DESCRIPTION OF THE TASK :: Omitting the pictures, output all of the records precisely as written.
*** Opening SUPPLIED MATERIAL ***
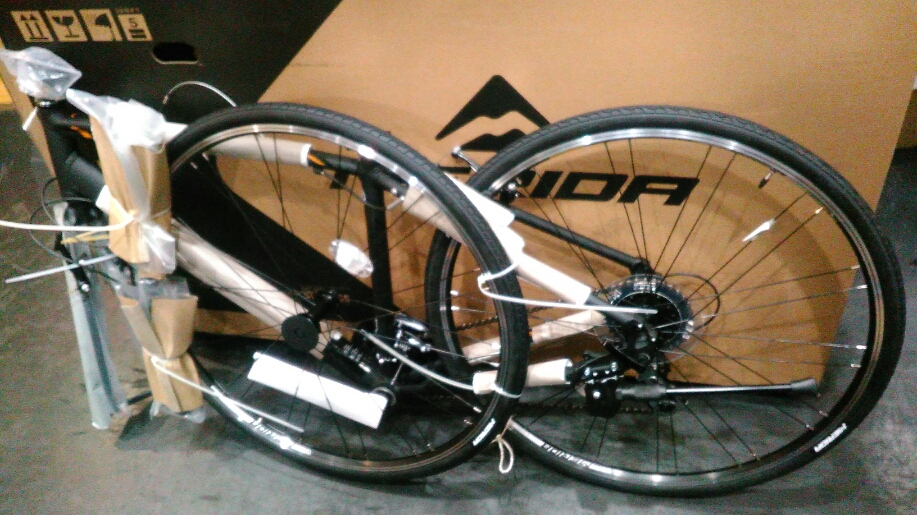 後輪は取り付けられていますが、前輪やハンドル、サドル、ペダル等は外されたままで梱包されて来ます。
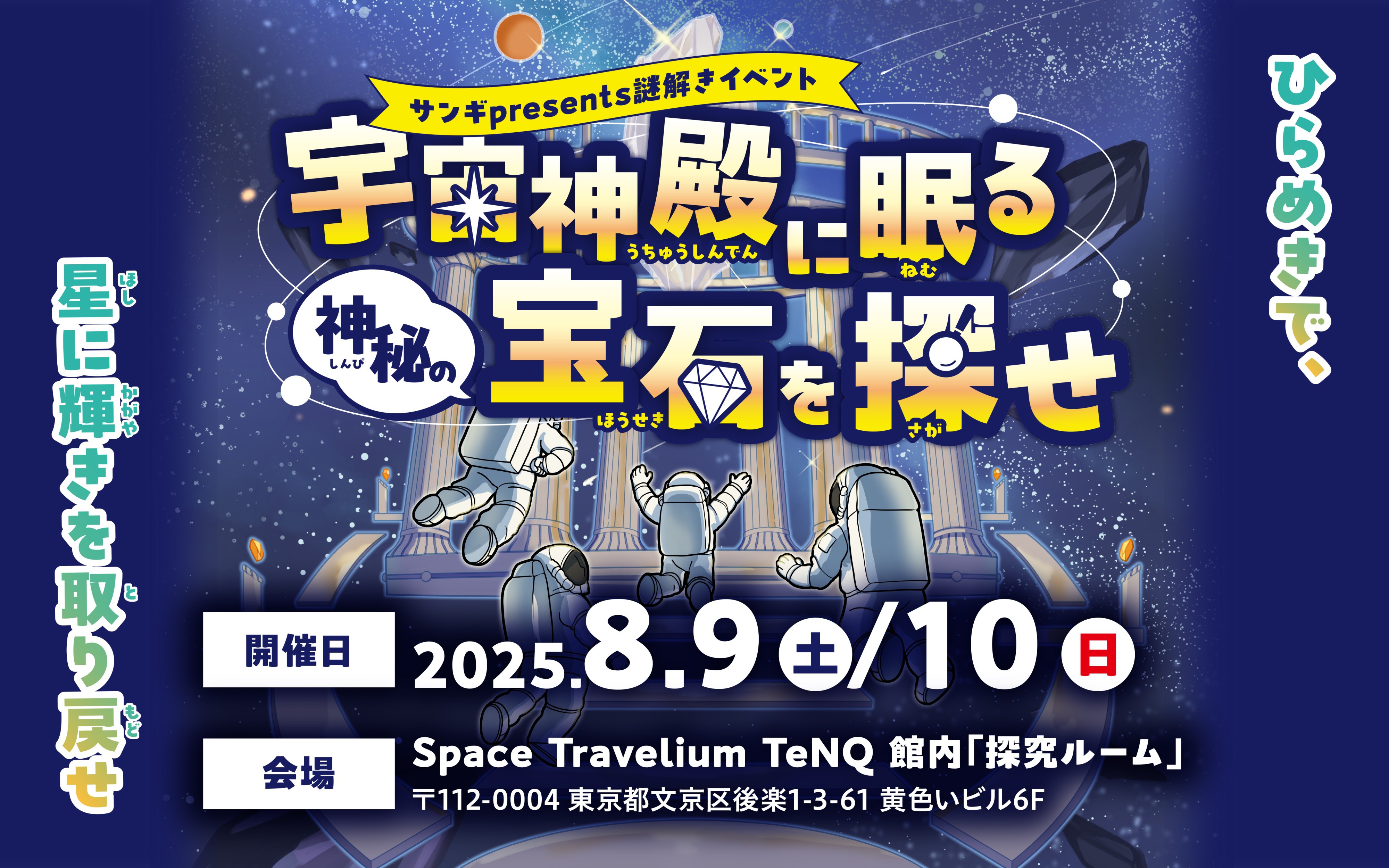 さらに、2025年8月9日(土)・10日(日)の2日間は夏休み中の小中学生とそのご家族が一緒に楽しめる「謎解きイベント」を開催。「宇宙神殿に眠る神秘の宝石を探せ」をテーマに、宇宙を舞台にした数々の謎を解き明かしていくことで、子どもたちの好奇心とチャレンジ精神を育む、夏休みにぴったりの学びと体験イベントです。
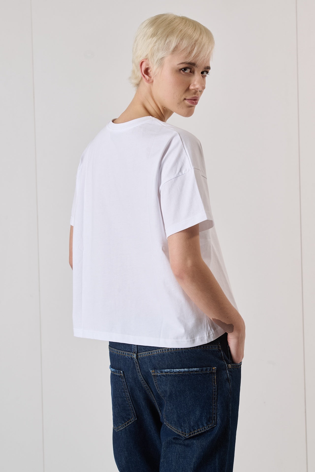Questa t-shirt con ricamo è pensata per te, che ami i dettagli unici e il design ricercato. Il ricamo crea un effetto tridimensionale che la rende irresistibile. Realizzata in 100% cotone, è morbida e versatile, perfetta per ogni occasione.
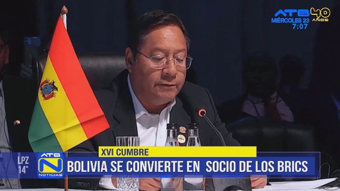 La Paz, 23 de oct 2024 (ATB Digital).- Bolivia se une a los BRICS, siendo el único país de América Latina en ingresar al grupo. El presidente Luis Arce viajó a Rusia para participar en la XVI Cumbre de los BRICS, donde se abordarán temas de seguridad, política, economía y contactos culturales, junto a mandatarios de más de 30 países.
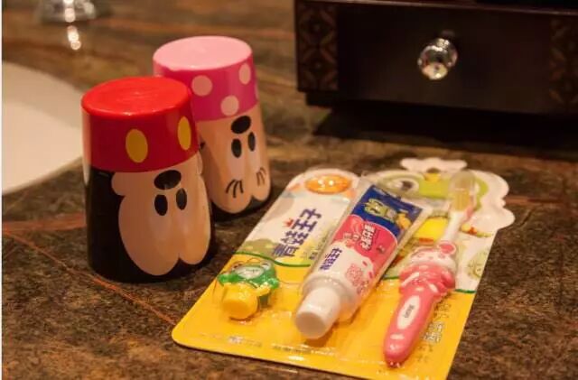 ▲ 小青蛙牙刷套装,米老鼠漱口杯,洗脸台前还备有原木增高凳,这样他们就可以轻而易举地学会自己刷牙啦!
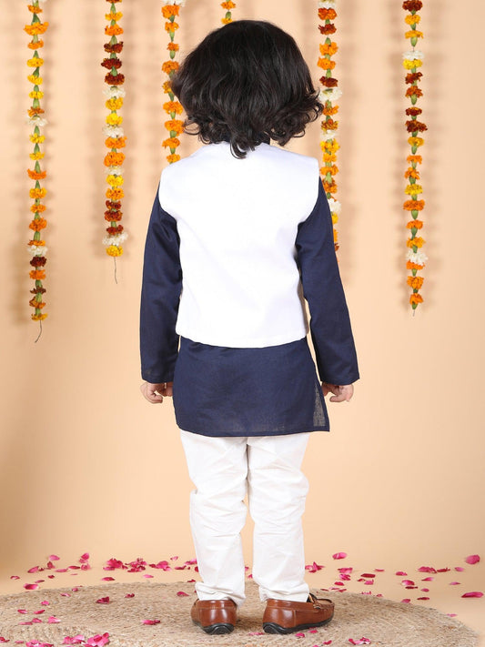 Polka Tots Full sleeves Lion Embroidery Koti Kurta Pyjama - Navy Blue
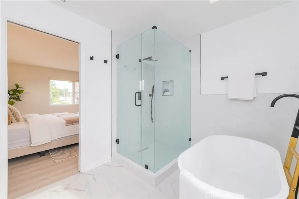 ***BEST VALUE Single Family Residence in West Covina!!*** Welcome to 1334 S Glendora which is a fully upgraded 2-story 4-Bedroom 3-Bath POOL home with tons of amazingly trendy twists. Follow a paved walkway, you are invited to this exceptionally stylish house: Bright & open LIVING ROOM provides a cozy electric FIREPLACE and expansive windows filled with a flood of natural lights and cool breeze. Your family and dear friends will celebrate many special events around the beautifully GOURMET KITCHEN which cheerfully glows with popular white cabinetry, matching soft gray quartz countertops, stainless steel appliances, and peninsula ISLAND and FORMAL DINING AREA next to it. All those strike a tasteful juxtaposition with the earthy waterproof high quality laminated wood flooring throughout this ground level. Entertaining FAMILY ROOM is the next spacious and versatile place for gathering: game watch/play, Karaoke, and tutoring (music, dancing, art studio...). 3 good-sized bedrooms and 2 upgraded bathrooms positioned along the hallway downstairs. 2nd floor was a permitted room addition in year 1991. It became an exquisite and romantic PRIMARY BEDROOM ENSUITE with skylight, huge walk-in closet, bladeless low profile ceiling fan/light, freestanding soaking BATHTUB, frameless glass enclosure for stall shower, dual-sink vanity and enjoyment of mountain views. Touring the house, you will be impressed by the thoughtfully chosen and premium quality of accessories, LED lights, 6-speed bladeless fans in all rooms, matte black faucets, frosted glass closet doors, custom shower doors, premium medicine cabinets, locks, handles.... Its magnificent upgrades or features also included: newly painted interiors & exteriors, double-paned windows, scraped ceilings, repiped COPPER plumbing, NEST thermostat for central AC & heating, and upgraded 200+ amp electrical panel. Sparkling SWIMMING POOL is resurfaced with Pebble-Tec finish, newer filter, and skimmer. Backyard is block walls enclosed & fenced with a driveway to accommodate 3 or more vehicles or RV parking. 2-Car GARAGE is via alley access with (new myQ motor) wrought iron slider gate. ***Location is convenient to all and this house has almost everything you would dream to have!! Hurry it won't last.*** 3-D virtual tour (copy & paste) https://my.matterport.com/show/?m=m1yj7wAmcSG&brand=0 and "List of Special Features and Improvement" are available.
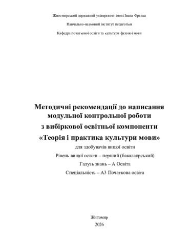 Підгурська В. Ю.ORCID: https://orcid.org/0000-0002-9882-6390, Голубовська І. В.ORCID: https://orcid.org/0000-0002-0875-8487, Гаращук К. В.ORCID: https://orcid.org/0000-0003-4518-3114 (2026) Методичні рекомендації до написання модульної контрольної роботи з вибіркової освітньої компоненти «Теорія і практика культури мови» : для здобувачів першого (бакалаврського) рівня вищої освіти галузі знань А Освіта спеціальності A3 Початкова освіта. 44 с. [Навчальний матеріал]
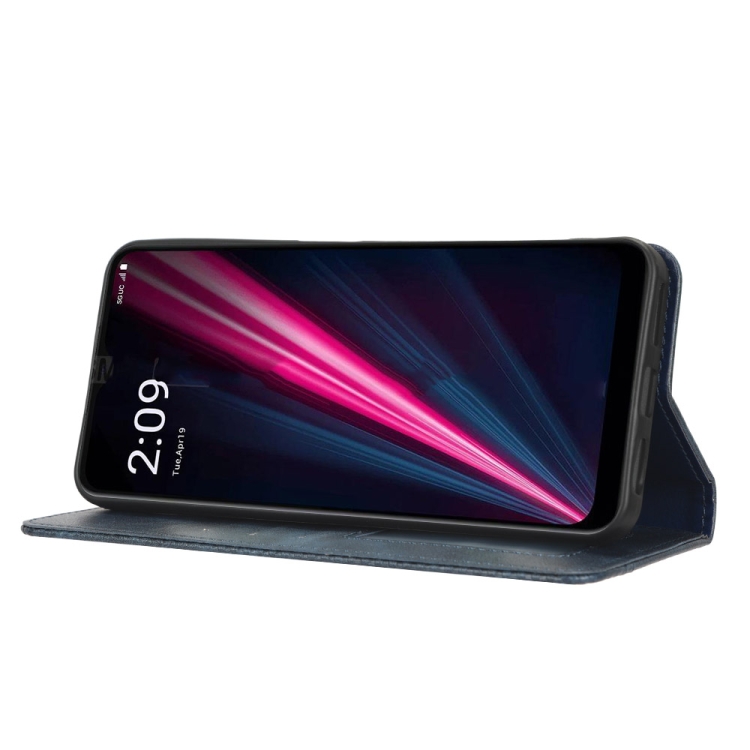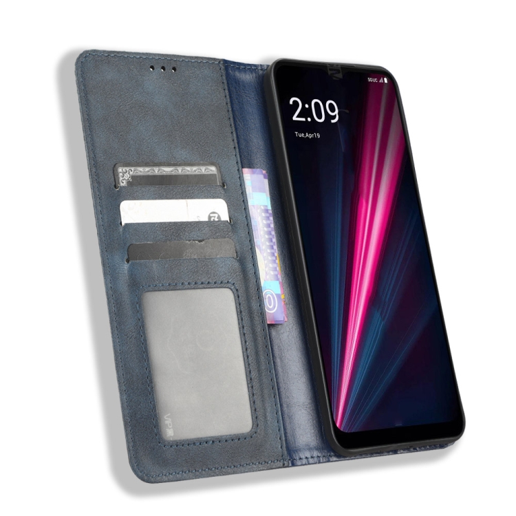 Funda de Cuero para T-Mobile Revvl 6 Pro 5G con Hebilla Magnética y Textura Retro (Azul)
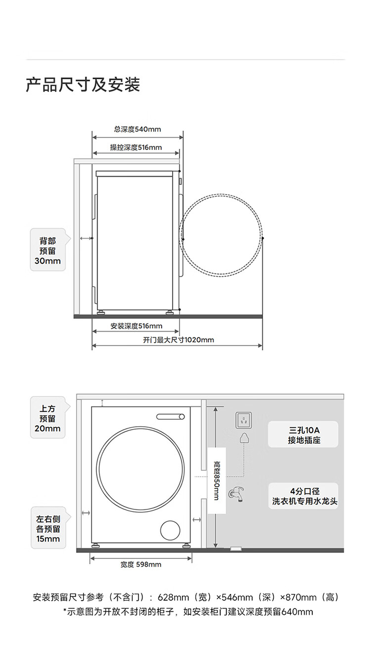 美的滚筒洗衣机全自动10KG家用大容量 纯平自由嵌 快净2.0 变频1.21高洗净比 一级能效 MG10V56T
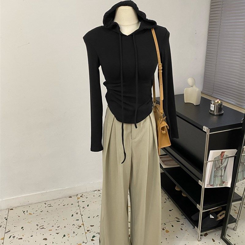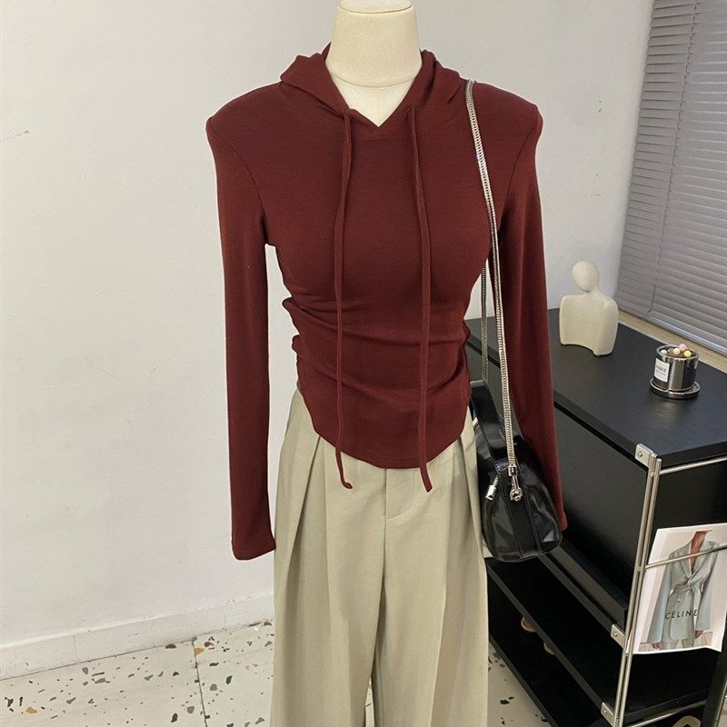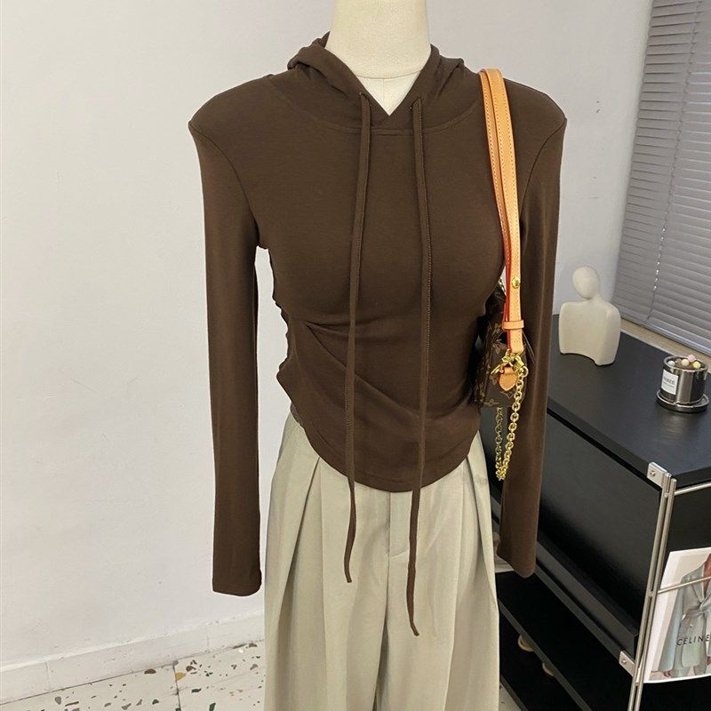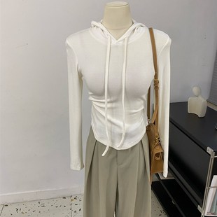 T恤女秋冬新薄卫衣打底衫 长袖 减龄休闲连帽修身 多巴胺绿色冷白皮
*** Closing SUPPLIED MATERIAL ***
WRITTEN SOLUTION ::
 後輪は取り付けられていますが、前輪やハンドル、サドル、ペダル等は外されたままで梱包されて来ます。
 さらに、2025年8月9日(土)・10日(日)の2日間は夏休み中の小中学生とそのご家族が一緒に楽しめる「謎解きイベント」を開催。「宇宙神殿に眠る神秘の宝石を探せ」をテーマに、宇宙を舞台にした数々の謎を解き明かしていくことで、子どもたちの好奇心とチャレンジ精神を育む、夏休みにぴったりの学びと体験イベントです。
Questa t-shirt con ricamo è pensata per te, che ami i dettagli unici e il design ricercato. Il ricamo crea un effetto tridimensionale che la rende irresistibile. Realizzata in 100% cotone, è morbida e versatile, perfetta per ogni occasione.
 La Paz, 23 de oct 2024 (ATB Digital).- Bolivia se une a los BRICS, siendo el único país de América Latina en ingresar al grupo. El presidente Luis Arce viajó a Rusia para participar en la XVI Cumbre de los BRICS, donde se abordarán temas de seguridad, política, economía y contactos culturales, junto a mandatarios de más de 30 países.
 ▲ 小青蛙牙刷套装,米老鼠漱口杯,洗脸台前还备有原木增高凳,这样他们就可以轻而易举地学会自己刷牙啦!
 Polka Tots Full sleeves Lion Embroidery Koti Kurta Pyjama - Navy Blue
 ***BEST VALUE Single Family Residence in West Covina!!*** Welcome to 1334 S Glendora which is a fully upgraded 2-story 4-Bedroom 3-Bath POOL home with tons of amazingly trendy twists. Follow a paved walkway, you are invited to this exceptionally stylish house: Bright & open LIVING ROOM provides a cozy electric FIREPLACE and expansive windows filled with a flood of natural lights and cool breeze. Your family and dear friends will celebrate many special events around the beautifully GOURMET KITCHEN which cheerfully glows with popular white cabinetry, matching soft gray quartz countertops, stainless steel appliances, and peninsula ISLAND and FORMAL DINING AREA next to it. All those strike a tasteful juxtaposition with the earthy waterproof high quality laminated wood flooring throughout this ground level. Entertaining FAMILY ROOM is the next spacious and versatile place for gathering: game watch/play, Karaoke, and tutoring (music, dancing, art studio...). 3 good-sized bedrooms and 2 upgraded bathrooms positioned along the hallway downstairs. 2nd floor was a permitted room addition in year 1991. It became an exquisite and romantic PRIMARY BEDROOM ENSUITE with skylight, huge walk-in closet, bladeless low profile ceiling fan/light, freestanding soaking BATHTUB, frameless glass enclosure for stall shower, dual-sink vanity and enjoyment of mountain views. Touring the house, you will be impressed by the thoughtfully chosen and premium quality of accessories, LED lights, 6-speed bladeless fans in all rooms, matte black faucets, frosted glass closet doors, custom shower doors, premium medicine cabinets, locks, handles.... Its magnificent upgrades or features also included: newly painted interiors & exteriors, double-paned windows, scraped ceilings, repiped COPPER plumbing, NEST thermostat for central AC & heating, and upgraded 200+ amp electrical panel. Sparkling SWIMMING POOL is resurfaced with Pebble-Tec finish, newer filter, and skimmer. Backyard is block walls enclosed & fenced with a driveway to accommodate 3 or more vehicles or RV parking. 2-Car GARAGE is via alley access with (new myQ motor) wrought iron slider gate. ***Location is convenient to all and this house has almost everything you would dream to have!! Hurry it won't last.*** 3-D virtual tour (copy & paste) https://my.matterport.com/show/?m=m1yj7wAmcSG&brand=0 and "List of Special Features and Improvement" are available.
 Підгурська В. Ю.ORCID: https://orcid.org/0000-0002-9882-6390, Голубовська І. В.ORCID: https://orcid.org/0000-0002-0875-8487, Гаращук К. В.ORCID: https://orcid.org/0000-0003-4518-3114 (2026) Методичні рекомендації до написання модульної контрольної роботи з вибіркової освітньої компоненти «Теорія і практика культури мови» : для здобувачів першого (бакалаврського) рівня вищої освіти галузі знань А Освіта спеціальності A3 Початкова освіта. 44 с. [Навчальний матеріал]
 Funda de Cuero para T-Mobile Revvl 6 Pro 5G con Hebilla Magnética y Textura Retro (Azul)
 美的滚筒洗衣机全自动10KG家用大容量 纯平自由嵌 快净2.0 变频1.21高洗净比 一级能效 MG10V56T
 T恤女秋冬新薄卫衣打底衫 长袖 减龄休闲连帽修身 多巴胺绿色冷白皮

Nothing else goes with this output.